Insights: Publications “I’m On Fire”: A Call to Eradicate Excessive Solitary Confinement Sentences for Nonviolent Offenses

Howard Law Journal: Volume 60, Issue 3, Spring 2017

Written by Monique S. Peterkin

Introduction

On March 17, 2014, a music video was posted to the popular website, WorldStarHipHop.com. Within twenty-four hours, the video─commonly referred to as “I'm on Fire”─had been viewed nearly half a million times. What made this music video so popular was that inmates recorded it in a South Carolina prison using a cell phone. Although cell phones are prohibited in prisons and jails among inmates, they are a very popular contraband item. Shortly after the incident, a spokesperson from the South Carolina Department of Corrections (“SCDC”) issued a statement, stating that once the investigation concluded, the inmates involved would be “appropriately charged.” 

As time passed and excitement about the video subsided, many began to question: what happened to these inmates? Were they found? Were they punished? This music video was said to be the first of its kind, and as such, many wondered what the “appropriate” punishment would be. Alas, Dave Maass, a researcher for the Electronic Frontier Foundation (“EFF”), published the prisoners' punishments and the results were shocking. The seven inmates who participated in creating the music video received almost twenty years in solitary confinement combined: “five of the prisoners were punished with 180 days of ‘disciplinary detention,”’ while the others were given 270 and 360 days─all for recording a song on a cell phone. The facility justified these sentences by stating that the inmates posed a “security threat” through their alleged “gang-related” words and contraband phone; however, the SCDC's characterization of the inmates' lyrics as gang-related is far from the truth and simply tone-deaf, highlighting their ignorance of hip-hop culture.

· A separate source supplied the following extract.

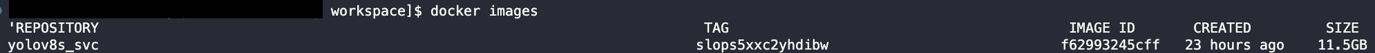 해당 docker image로 container를 생성하여 container에서도 서비스가 정상적으로 작동되는 지 확인해 보겠습니다. 저는 docker run -it --gpus "device=0" --ipc=host --name yolov8s_model -p 3000:3000 yolov8s_svc:slops5xxc2yhdibw 명령어로 container를 생성하였습니다.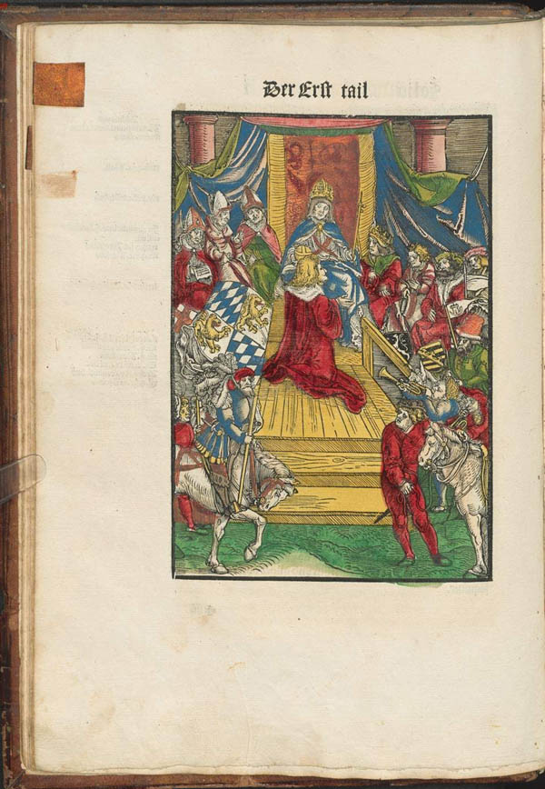 Ein bayerischer Herzog wird vom Kaiser belehnt. Holzschnitt von Meister H. F. (aus: Der neü Layenspiegel, 1512, Bayerische Staatsbibliothek, Rar. 2311)

The “I'm on Fire” instance is just one example in a sea of many that exemplifies the excessive use of solitary confinement for individuals who commit nonviolent offenses. Though the main argument against cell phone use in prisons and jails is that inmates can use phones to plan an escape or a violent crime, inmates are placed in solitary more frequently for nonviolent crimes─such as accessing social media─rather than conspiring to commit a criminal act. In South Carolina, for example, using social media while incarcerated “is on the same level of offense as attacking a guard, rioting[,] and taking a hostage.” In 2012, “the [SCDC] made ‘Creating and/or Assisting With A Social Networking Site’ a Level 1 offense”--a category typically assigned to excessively “violent violations of prison conduct policies.” As EFF states, “[s]ome inmates ask their families to access their online accounts for them, while many access the Internet themselves through a contraband cell phone (possession of which is ...[a] Level 1 offense).” In sixteen cases, “inmates were sentenced to more than a decade in ... disciplinary detention, with at least one inmate receiving more than [thirty-seven] years in isolation.” To extend the length of each sentence, the SCDC “issues a separate Level 1 violation for each day that an inmate accesses a social network.”